关键词 > Python代写

Big Data Analytics using Spark

发布时间:2021-10-06

Hello, dear friend, you can consult us at any time if you have any questions, add WeChat: daixieit


Big Data Analytics using Spark

Course Overview


Welcome to Big Data Analytics using Spark! This course teaches you how to perform statistical analysis of very large datasets that do not fit on a single computer. You will learn some of the most popular tools for performing this type of analysis: apache spark, XGBoost and TensorFlow. You will learn how to use these tools through Jupyter Notebooks and experience the power of combining narrative, code and graphics to create convincing analytical documents.


Instructor

Yoav Freund, Professor of Electrical and Computer Engineering, UC San Diego


Teaching Assistants

Litao Qiao, Graduate Student, CSE, UC San Diego


Prerequisites

The most important prerequisites for this course are:

● The ability to program in Python and to use Jupyter notebooks. This can be obtained by taking the course DSE 200x, Python for Data Science.

● Probability and statistics. This can be obtained by taking the course DSE 210X, Probability and Statistics using Python.
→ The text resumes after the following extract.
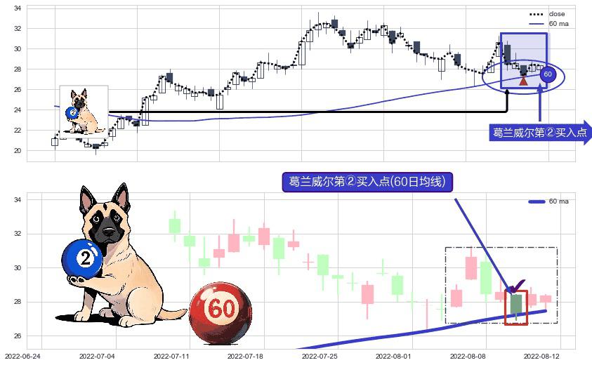 ⚀ 2022-08-10-日显现 葛兰威尔均线 60日均线 第②买入点 上升趋势的中继信号,后市看涨,买进信号
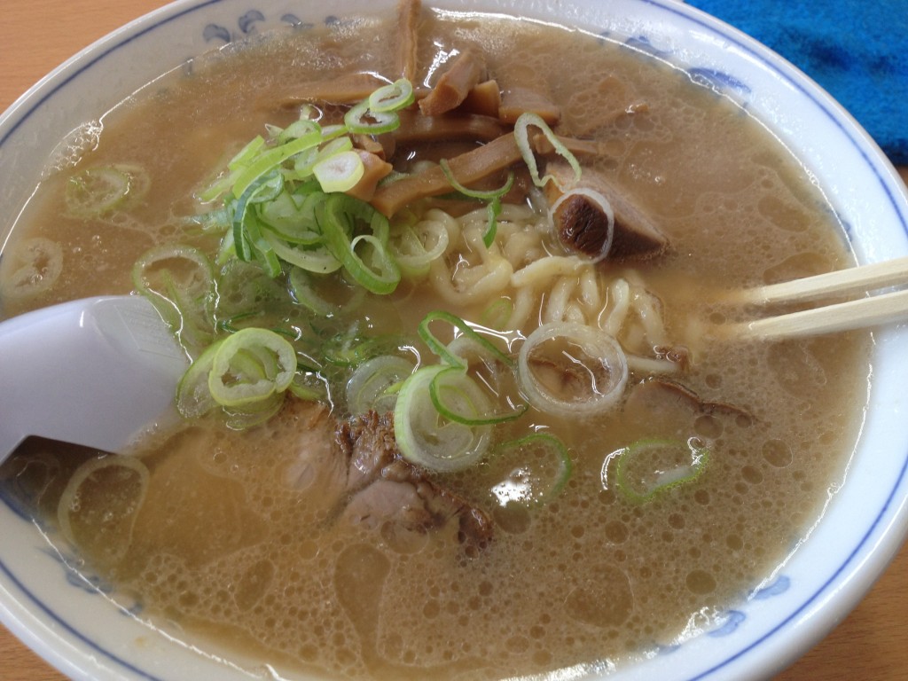 あちあちの中太ちじれ麺の豚骨醤油がワイの地元の味よ

● Machine Learning: This can be obtained by taking the course DSE 220X, Machine learning Fundamentals.


Learning objectives

This course has two main goals: The first is an introduction to using large scale data analysis frameworks (Spark, XGBoost and TensorFlow). This includes the underlying computer architecture and the programming abstractions. The second is to combine methods from statistics and machine learning to perform large scale analysis, identify statistically significant pattern and visualize statistical summaries.


Course Outline

This is a ten-week course.


Topics

● Memory Hierarchy, latency vs. throughput.

● Spark Basics

● Dataframes and SQL

● PCA and weather analysis

● K-means and intrinsic dimensions

● Decision trees, boosting, and random forests

● Neural Networks and TensorFlow


Python notebooks

Jupyter notebooks are the foundation of this course. Most of the videos are overviews of a notebook. It is recommended that you follow along in the notebook while observing the video. The notebooks contain explanations, code and figures, as well as interactive widgets and pointers to additional material. It is recommended that questions to the forum refer to locations in the notebooks.


Discussion forums

Discussion forums provide an opportunity for learners to discuss course materials with each other and with course staff.


Verified Certificate / Verification Deadline

The deadline to switch from the un-verified track to the verified track is before three days before the first assignment due date (May 30th, 2020 @ 18:00 UTC).


Assignments and exams

● Weekly programming assignments (50% of grade):

● Engagement (0%). This consists of simply checking the "mark as complete" button after viewing each video and associated materials.

● Poll questions (0%).

● Weekly Comprehensive quizzes (15% of grade). These are simple multiple-choice questions based on the week's videos and Notebooks.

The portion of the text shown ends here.